Immediately we could tell that this play was going to be ambitious. Gathered in the round with a small, rectangular stage in the centre, we sat amongst the actors with white painted faces and already felt like we were being watched. When Joseph K. entered, he looked around at us all as though he was already on trial and it became clear that the director, Sam Ward, had done an excellent job with the staging. Throughout the play the transitions between scenes were inventive and seamless, with the actors switching character quickly and effortlessly. The scene changes were only slightly let down by the costume choice of clunky shoes for the actors, which detracted from the intense mood by stomping off and around the stage, giving the performance a messy air. This was made worse by the lack of matching costumes for the chorus figures, but other than that they were very enjoyable to watch, particularly Josie Richardson who gave a very controlled and intense performance, enticing us into Kafka’s world with her excellent physicality and fluctuation of tone.
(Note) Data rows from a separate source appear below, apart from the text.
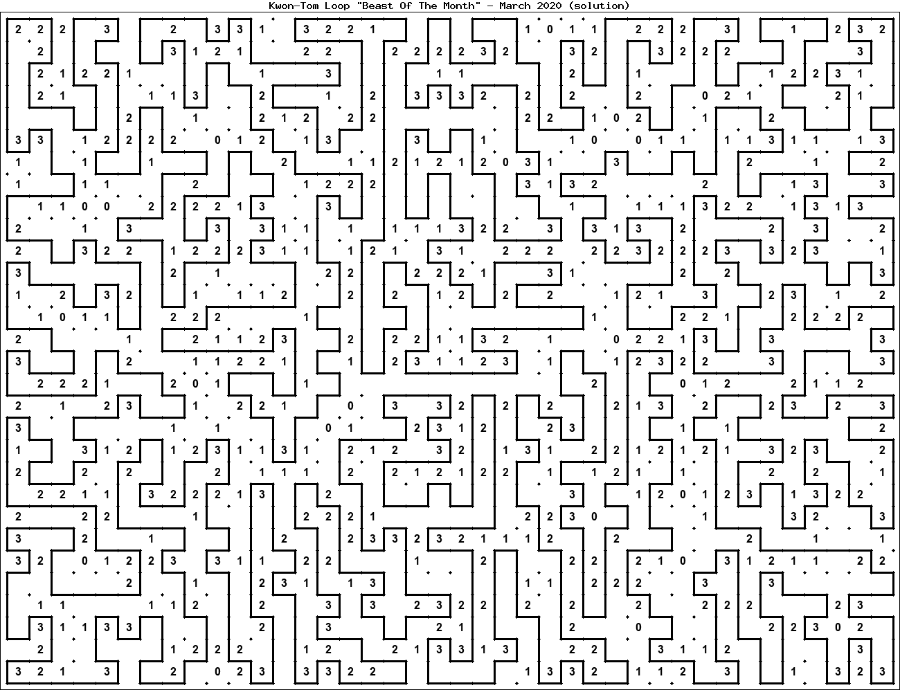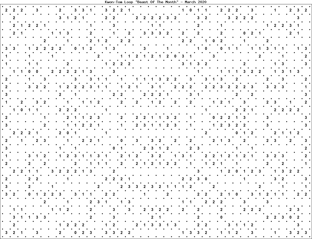The "Beast Of The Month" is a very large puzzle, too big to display in the usual Kwon-Tom Loop interactive format. It's presented here as an image which you can print off and solve on paper.Printable Beast March 2020(solution)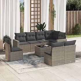 vidaXL Loungegrupp för trädgården m dynor 9 delar grå konstrotting 3219070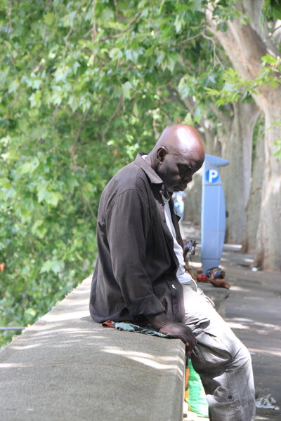Я издалека приняла этого человека за скульптуру — спал сидя

A personal highlight was the retelling of the arrest of Joseph K., played by Alex Shavick. This particular scene was the very best of The Trial, with the abstract elements enhancing the storyline, rather than making the performance seem slightly typically student-y, as other parts appeared. It gave the audience a glimpse of what the play could be like if it was tidied up a bit, which is a quick, interpretive piece of theatre that questions normality and draws in the imagination of those who watch.
Other bits were less neat, though, with Shavick having too many long monologues, since he was not particularly convincing as Kafka’s character, anyway, with there being a distinct lack of emotion. In parts, too, it did seem like the story of an arrested man who is extremely attractive to women, and the way he seemed to constantly be being seduced by women did get repetitive, as did some of the abstract techniques that were employed – especially everyone shouting at once to highlight claustrophobia.
Yet Ward must be applauded for this new and exciting interpretation of what is, in some ways, a complicated play. The general intrigue about Joseph K and what he can have been arrested for was not lost, and as Shavick stumbled around the stage, we could relate to how he felt. The enclosed space around him gave the impression that he was constantly on trial, giving the piece a sinister edge that worked very well.
Kafka’s The Trial was always going to be difficult to perform at the BT with a cast of only six. Usually the play demands a much larger cast, and is therefore easier for us, the audience, to understand. Despite challenges faced, The Trial was a good attempt, and had many good ideas; it was just a little messy.